Write out exactly the lines below from the one containing "Come learn about" to the last, both ends kept, and nothing more; skip all pictures.

:: DATA SHOWN ::
= = =
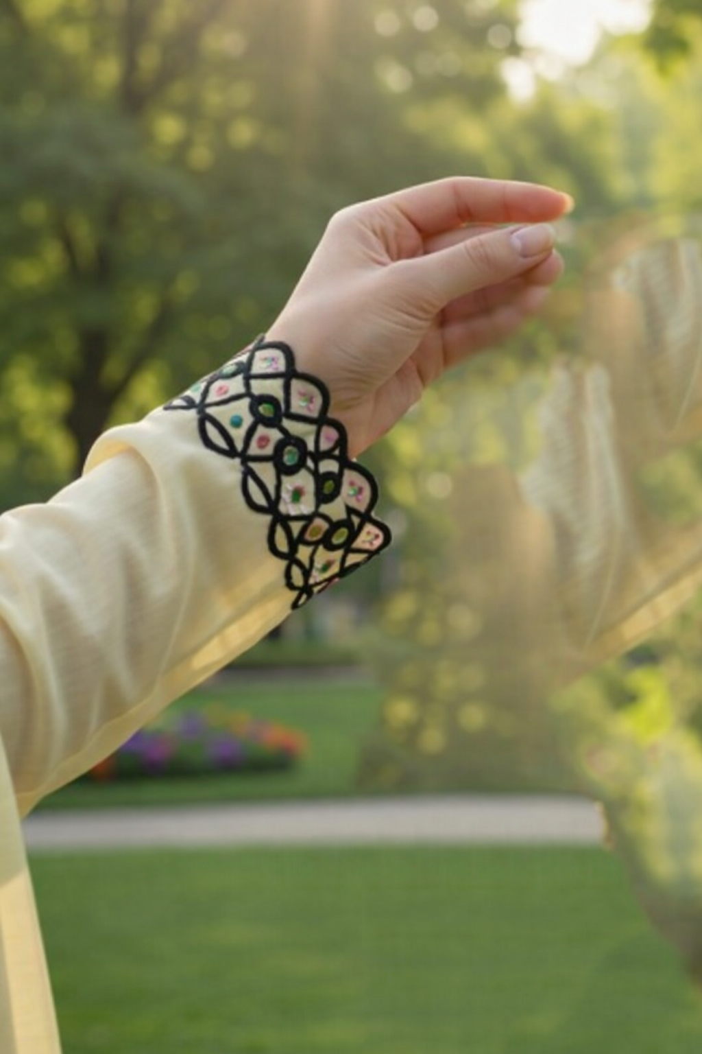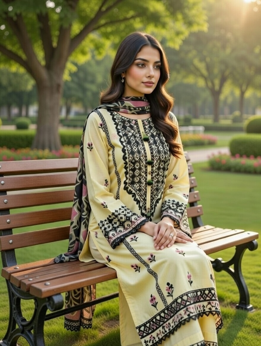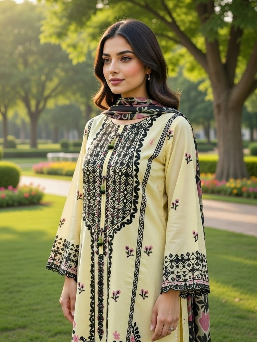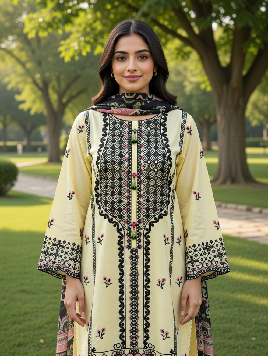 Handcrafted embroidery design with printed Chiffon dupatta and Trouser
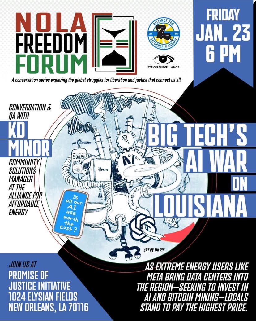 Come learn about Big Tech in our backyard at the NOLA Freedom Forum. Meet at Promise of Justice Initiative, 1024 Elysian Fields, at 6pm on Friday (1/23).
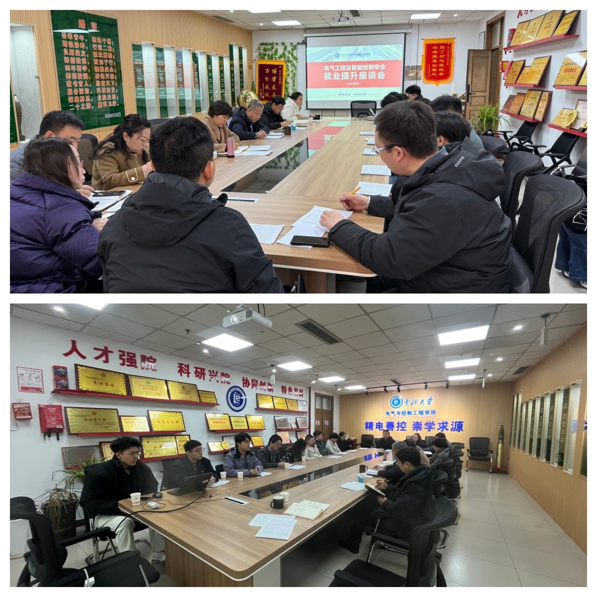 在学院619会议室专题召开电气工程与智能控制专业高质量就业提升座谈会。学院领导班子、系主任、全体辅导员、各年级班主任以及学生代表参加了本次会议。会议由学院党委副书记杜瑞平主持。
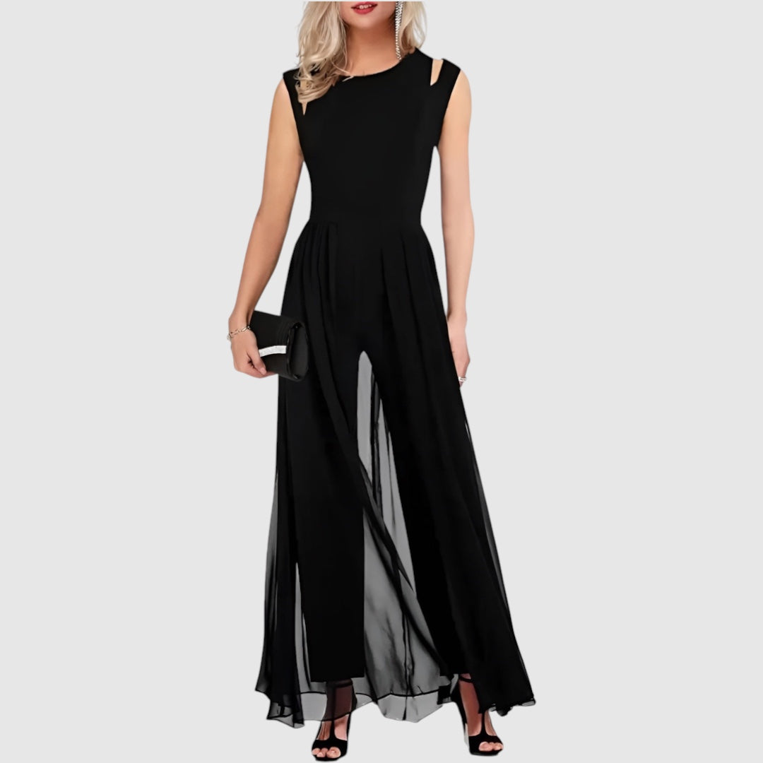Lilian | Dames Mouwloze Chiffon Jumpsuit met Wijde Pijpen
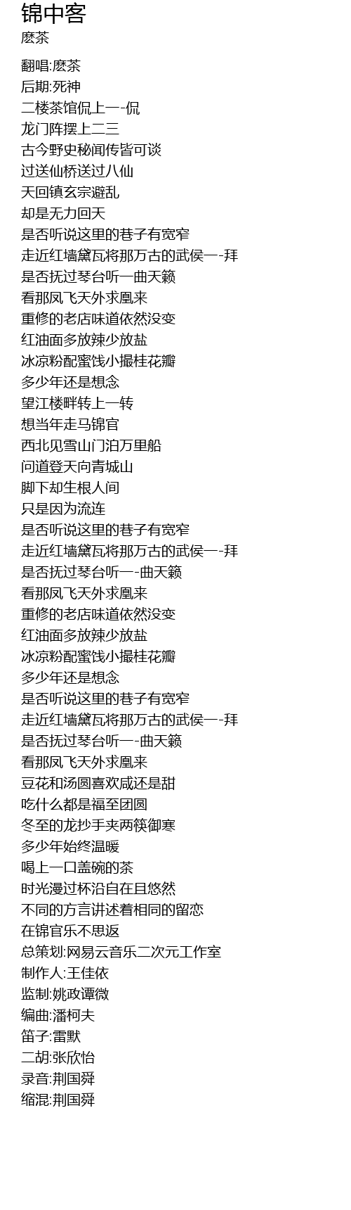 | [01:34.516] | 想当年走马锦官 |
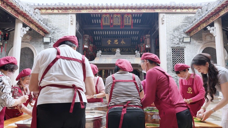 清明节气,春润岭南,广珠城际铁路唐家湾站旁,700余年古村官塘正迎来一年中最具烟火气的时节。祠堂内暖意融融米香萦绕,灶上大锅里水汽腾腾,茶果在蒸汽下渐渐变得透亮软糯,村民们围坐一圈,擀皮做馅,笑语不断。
= = =
:: TASK OUTPUT ::
 Come learn about Big Tech in our backyard at the NOLA Freedom Forum. Meet at Promise of Justice Initiative, 1024 Elysian Fields, at 6pm on Friday (1/23).
 在学院619会议室专题召开电气工程与智能控制专业高质量就业提升座谈会。学院领导班子、系主任、全体辅导员、各年级班主任以及学生代表参加了本次会议。会议由学院党委副书记杜瑞平主持。
Lilian | Dames Mouwloze Chiffon Jumpsuit met Wijde Pijpen
 | [01:34.516] | 想当年走马锦官 |
 清明节气,春润岭南,广珠城际铁路唐家湾站旁,700余年古村官塘正迎来一年中最具烟火气的时节。祠堂内暖意融融米香萦绕,灶上大锅里水汽腾腾,茶果在蒸汽下渐渐变得透亮软糯,村民们围坐一圈,擀皮做馅,笑语不断。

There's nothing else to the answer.